We propose that the best way to free up wages is to ensure that the worker is not held captive to the same employer for years. Once the H-1B worker arrives to work for the company that sponsored him or her, the requirement that a new employer again go through the same tedious application procedure be eliminated if the worker is in the same or similar occupation. Let’s free the H-1B worker to work for another company without the need to file a new petition or to even start his or her own company in the same occupation. Also, while this H-1B worker is being sponsored for permanent residency, he or she could be allowed to continue the green card process if working in the same occupation much sooner than the law allows presently. Presently, Section 204(j) of the INA only allows “green card” portability at the final stage of the process, when the adjustment application has been filed and has been pending for over 180 days. An Indian waiting in the EB-3 queue may have to wait for over a decade before being able to file an adjustment of status application. The law should be changed to make the H-1B completely portable following initial approval. Once this happens, an H-1B worker will be on the same footing as a US worker. The employer will have less of an incentive to keep captive an H-1B worker. The market will determine the wage to be paid to an H-1B worker who would have an easier access to another employer. If the H-1B visa becomes truly portable, the protection of the market, via occupational mobility, replaces the false protection of the LCA. Moreover, we also propose three possible ways to solve the OES problem, first urged by AILA in March 2001. In each case, the effect would be to ameliorate the artificial wage inflation now resulting from the allowance of incentive compensation and once again, as before the application of OES to immigration, restore the primary of market driven forces as the ultimate arbiter of salaries:(a) Back out all non-guaranteed calculations from the OES averages; (b) allow employers to include these same items in their wage offers for labor certification purposes; or (c) return to the pre-PERM era and allow variance in wage offers to bridge the gap between what OES defines as prevailing wage and what the employer can guarantee as base salary.
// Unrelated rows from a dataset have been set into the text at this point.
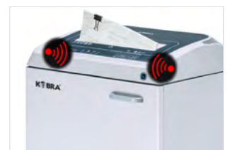
SYSTÉM DETEKCE KOVŮ SHRED GUARD

Systém Shred Guard zastaví stroj, když jsou náhodně vloženy velké kovové předměty. Osvětlený optický indikátor varuje obsluhu, aby tyto předměty odstranila a nože byly chráněny.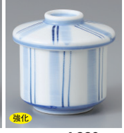
強化 200-18-71H 1,220円 親子十草蒸し碗 6.8×7.8cm 150cc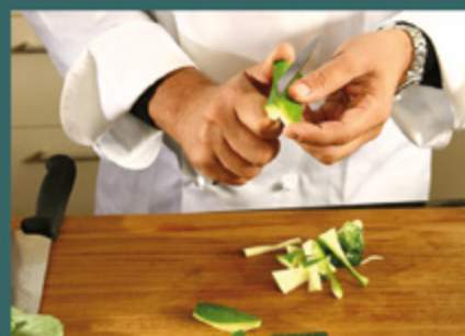
Stellenangebote und Stellengesuche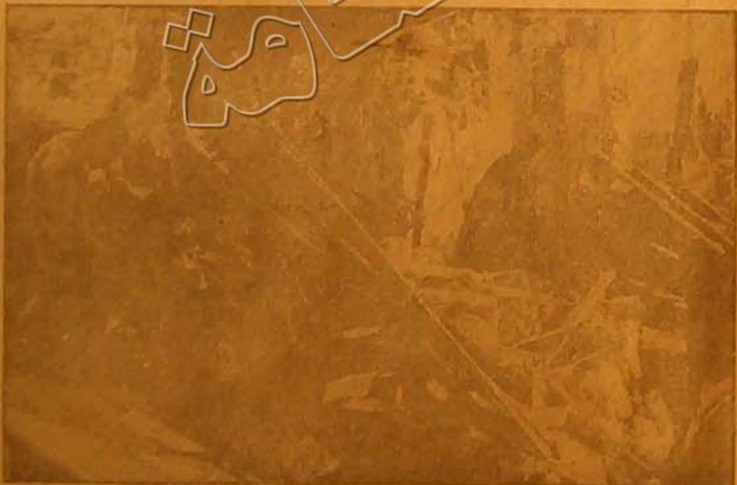
منظر آخر لبيوت المهدمه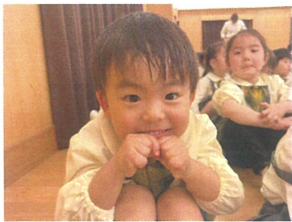
もうすぐ始まるかな？ ワクワクするね😊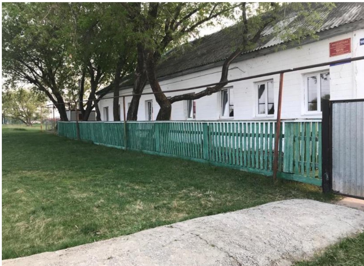
Фото №4 (территория, прилегающая к зданию)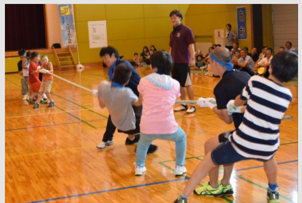
▲昨年のやまこし総合レクリエーションの様子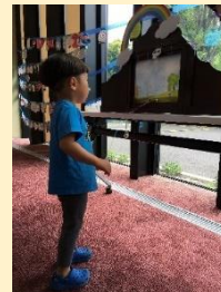
“ひっぱりくじコーナー” うーん、どれにしようかな。

5月3日(金)から5日(日)の3日間行われました。5種類のゲームが登場し、中学生も参加してくれました。なんと全部パーフェクトの子はゼロです！またいつか、図書館で登場するかもしれません。次はパーフェクトをめざせ！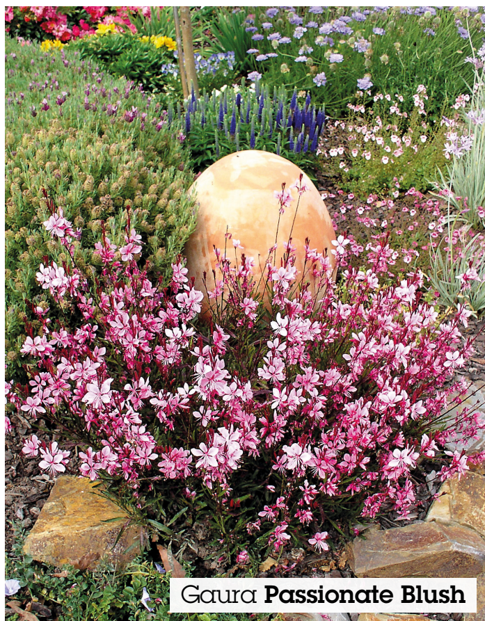
Gaura Passionate Blush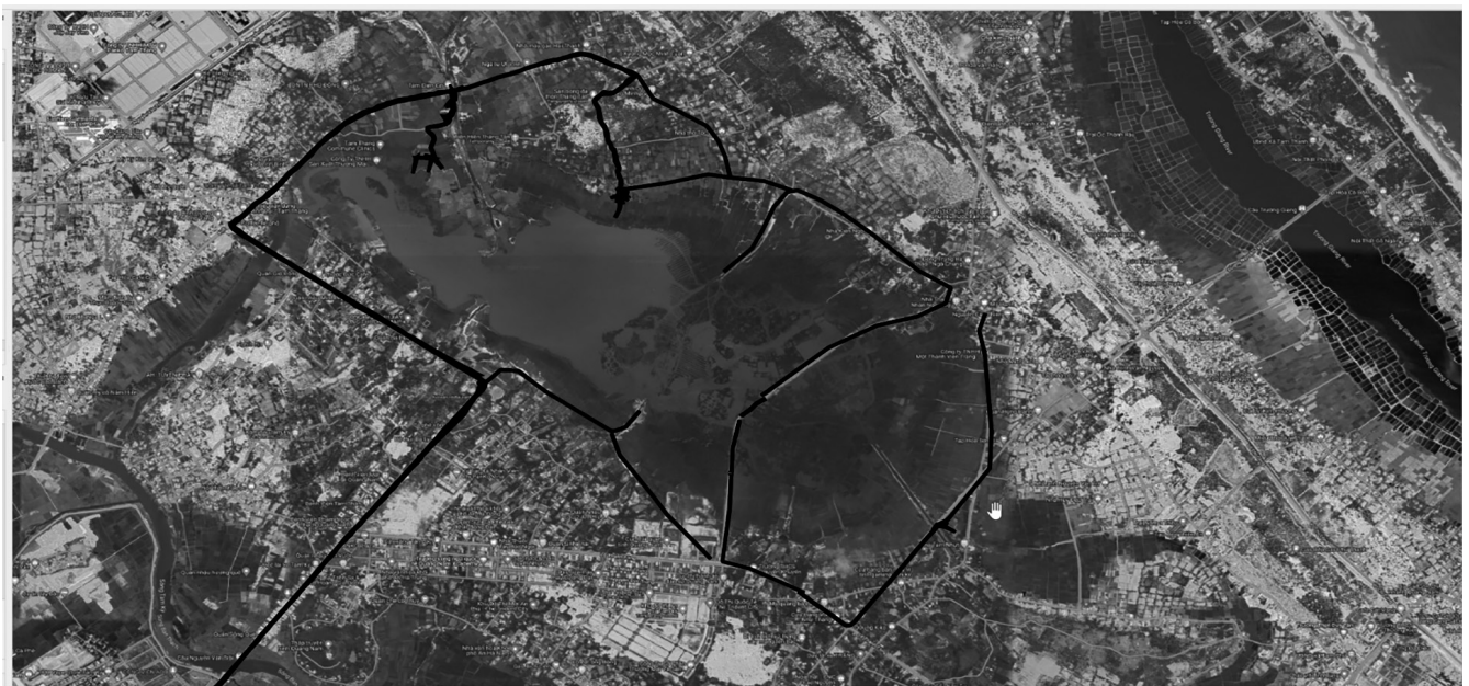
▲ Hình 1. Sơ đồ các tuyến điều tra khảo sát thực vật

Kết quả nghiên cứu thu được tại khu vực sông Đầm có tổng số 232 loài và dưới loài, thuộc 173 chi, 89 họ, thuộc 3 ngành thực vật bậc cao có mạch, gồm: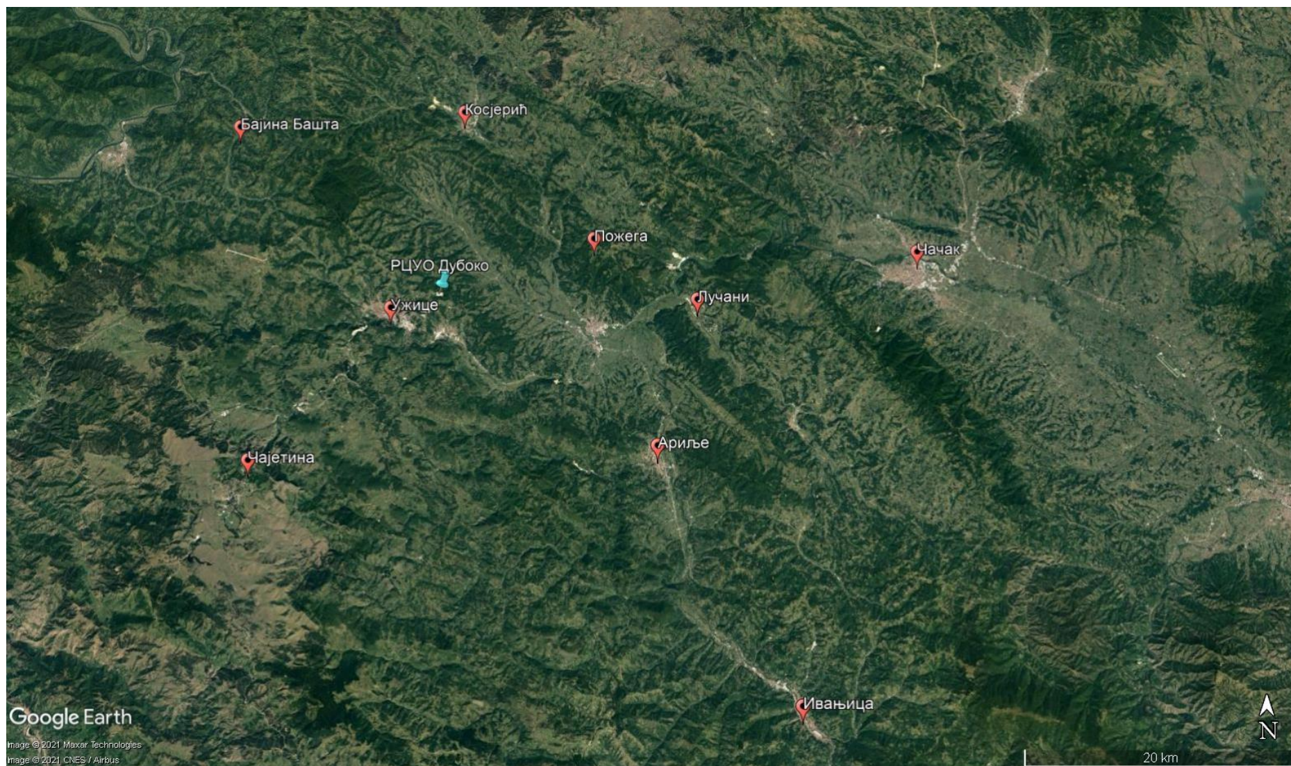
Слика 1 Локација РЦУО Дубоко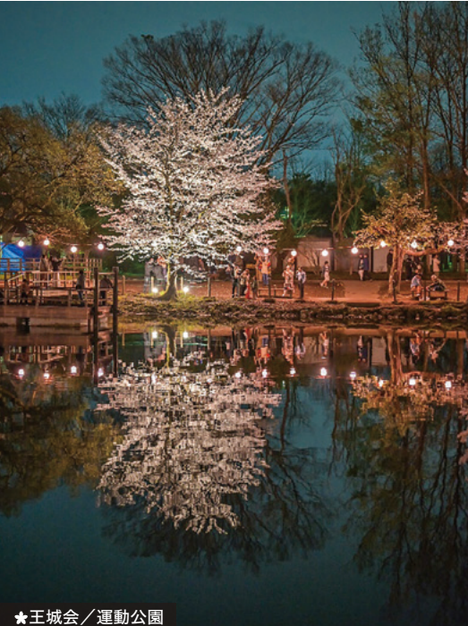
★ 王城会 / 運動公園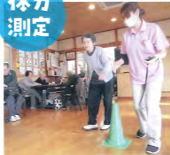
体力測定結果のお知らせ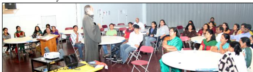
Religious Education staff training at Sacred Heart.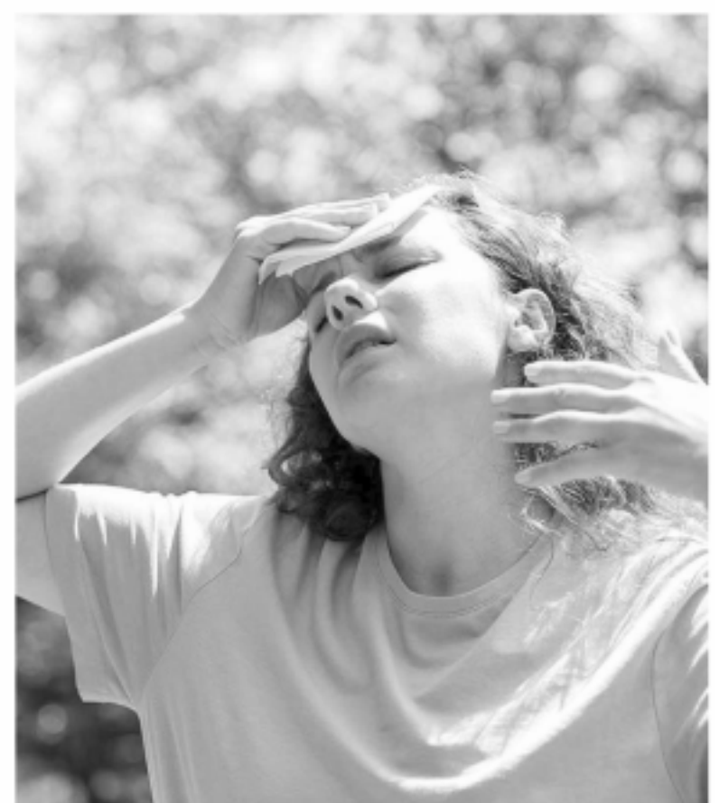
Golpe de calor. Las marcas extremas se mantendrán durante los próximos días en Buenos Aires y más de una decena de provincias.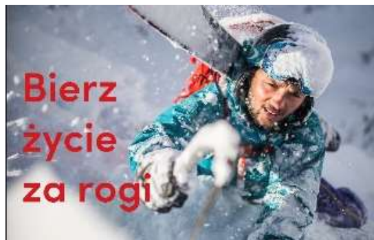
Slika 12. Reklama banke PEKAO

Poljska banka PEKAO svojim klijentima poručuje da uhvate život za rogove. Ovdje je vidljiva igra riječi, tj. promjena sastavnice u frazemu koji na poljskom glasi chwycić, wziąć, brać itp. byka za rogi , a koji u hrvatskom ima svoj potpuni ekvivalent koji glasi uhvatiti bika za rogove . Dakle, za potrebe reklame frazemska je sastavnica bik zamijenjena imenicom život . Značenje frazema u oba jezika glasi 'postupiti odlučno, energično, brzo, odnosno, ne ustuknuti pred poteškoćom ili pred opasnošću'. Ovom reklamom banka želi klijentima poručiti da se mijenja u skladu s ambicioznim ljudima, da je spremna realizirati planove svojih klijenata i biti njihovom inspiracijom. Kod ovog frazema možemo govoriti o leksičkoj inačici zbog mnogobrojnih mogućnosti u odabiru glagola kao jedne od sastavnica u frazemu.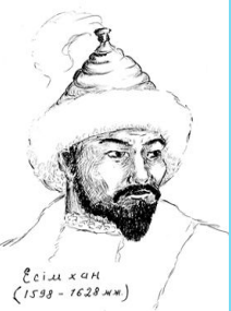
Есім хан (1598 - 1628 жж)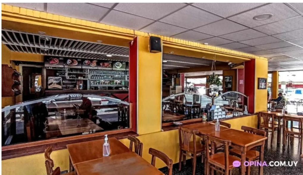
Restaurant yoyo todas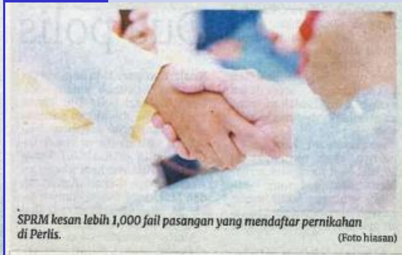
SPRM kesan lebih 1,000 fail pasangan yang mendaftar pernikahan di Perlis.

Beliau tidak menolak kemungkinan aktiviti berkenaan sudah berlaku sekian lama berdasarkan jumlah fail yang diterima.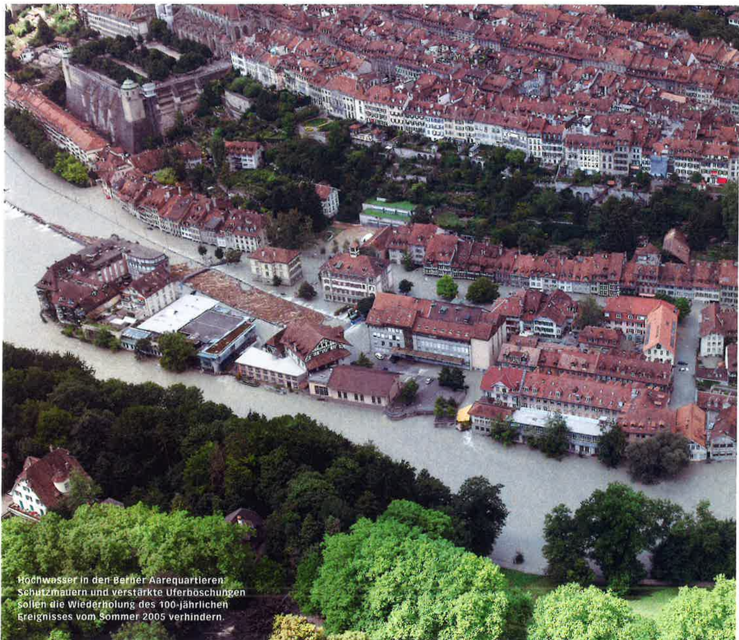
Hochwasser in den Berner Aarequartieren: Schutzmauern und verstärkte Uferböschungen sollen die Wiederholung des 100-jährlichen Ereignisses vom Sommer 2005 verhindern.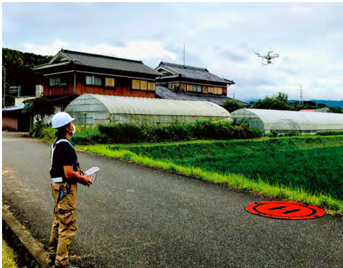
ドローンを活用したリモートセンシング

収穫した酒米で造った日本酒は、循環型社会の実現と企業連携の産物という意味を込めて「環和」と名付けました。株式会社神戸酒心館は神戸市北区大沢(おおぞう)地区と村米(むらまい)制度と呼ばれる酒米取引制度により良質の「山田錦」を確保してきましたが、これからはこのような地域支援型農業(CSA)を通じて「山田錦」の質・量両面にわたる将来の姿を考察するうえで、極めて意義があることと考えています。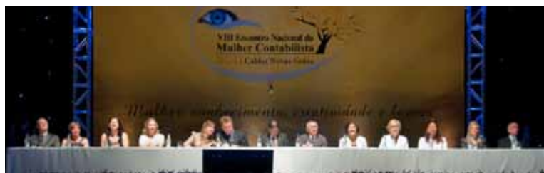
Mesa de honra

Foz do Iguaçu vai sediar a edição de 2015

We know there is fear and loathing in the land for very good reasons. We know too that the misapplication of the OES wage methodology to immigration is not the whole problem or even most of it. Yet, it is key to what plagues our national conversation today for those who most loudly condemn substandard wages for foreign workers do not bother for a moment to acknowledge that those who decide these things are playing with the house’s money and a stacked deck. The most damning indictment against the Schumer Bill and the other manifestations of immigration protectionism is not that they will cost American job by inciting retaliation by our major trading partners, which will happen, or even that they promote a fortress American mentality at a time when our economic revival requires even greater integration into the global economy. Rather, it is that such misplaced antagonism rests upon an ignorance of history and serves more than anything else as an unspoken but undeniable admission that America’s best days are behind it. This is a lie that must not stand.